BEGIN Data block

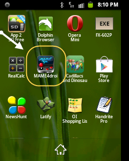 3. এবার মোবাইলের মেনুতে যান। Mame4droid এ ক্লিক করুন।
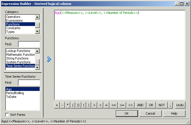 Figure 10-13 shows the AGO function in Expression Builder.
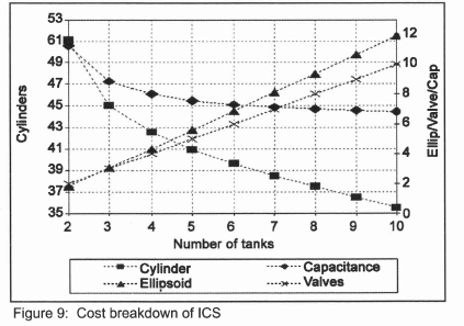 Figure 8 shows the cost breakdown of the ICS. Initially the total cost of the ICS is dominated by the cylindrical component. However since the cylindrical component becomes shorter with more tanks, its contribution to the total cost is progressively less.

END Data block

### Work task
Write the material out again exactly. Skip each picture.

### Response
 3. এবার মোবাইলের মেনুতে যান। Mame4droid এ ক্লিক করুন।
 Figure 10-13 shows the AGO function in Expression Builder.
 Figure 8 shows the cost breakdown of the ICS. Initially the total cost of the ICS is dominated by the cylindrical component. However since the cylindrical component becomes shorter with more tanks, its contribution to the total cost is progressively less.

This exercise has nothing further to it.